La détermination du lieu du travail est également importante pour la
mise en œuvre des lois de police, entendues comme étant « une
disposition impérative dont le respect est jugé crucial par un pays pour la
sauvegarde de ses intérêts publics, tels que son organisation politique,
sociale ou économique, au point d’en exiger l’application à toute situation
entrant dans son champ d’application, quelle que soit par ailleurs la loi
applicable au contrat» (article 9 du Règlement du 17 juin 2008). En
France, le Conseil d’État a jugé que les dispositions françaises
réglementant les relations collectives sont des lois de police.

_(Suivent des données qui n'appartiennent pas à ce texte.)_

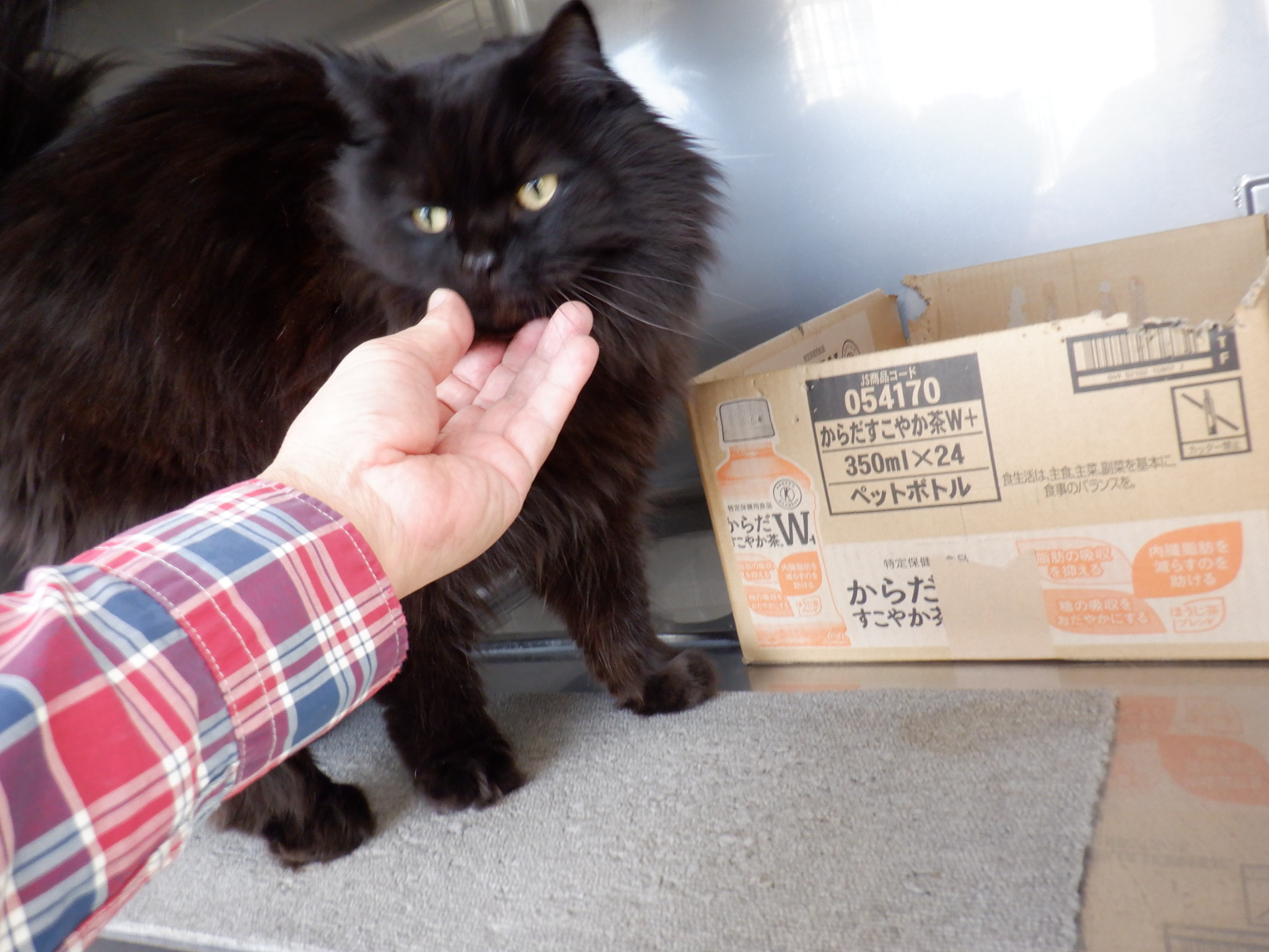 レオちゃんは、お泊りしているラボちゃん(朝は一人ドッグランでした)と一緒にオープンスペースで過ごしています。猫のチョコちゃんはよく慣れていますがモモちゃんは段ボールの中で敷物の下に隠れているので姿がみれません。

Selon le
Conseil d’Etat, « la circonstance qu’une entreprise, employant en France
plus de cinquante salariés, a son siège social à l’étranger ne saurait la
faire échapper à l’application de la législation sur les comités d’entreprises
(…) ». (CE, 29 juin 1973, Syndicat Général du personnel de la Compagnie
des wagons-lits c/ la Compagnie des wagons-lits, Lebon p.458). La Cour
de cassation adopte la même position en qualifiant de lois de police, les
lois françaises relatives à la représentation des salariés et à la défense de
leurs droits et intérêts ; ces lois s’imposent à toutes les entreprises et aux
organismes assimilés exerçant leur activité en France (Cass. soc. 3 mars
1988, n°86-60.507). La Cour de cassation a précisé que ces lois
s’imposent même si la loi applicable au contrat de travail du salarié
travaillant en France est une loi étrangère (Cass. Ass. Plén., 10 juillet
1992, n°88-40.672). Et peu important que la société étrangère n’ait ni
établissement, ni succursale, ni locaux en France (Cass. soc. 14 février
2001, n°99-60.355), c’est l’exercice en France de l’activité du salarié qui
est déterminant.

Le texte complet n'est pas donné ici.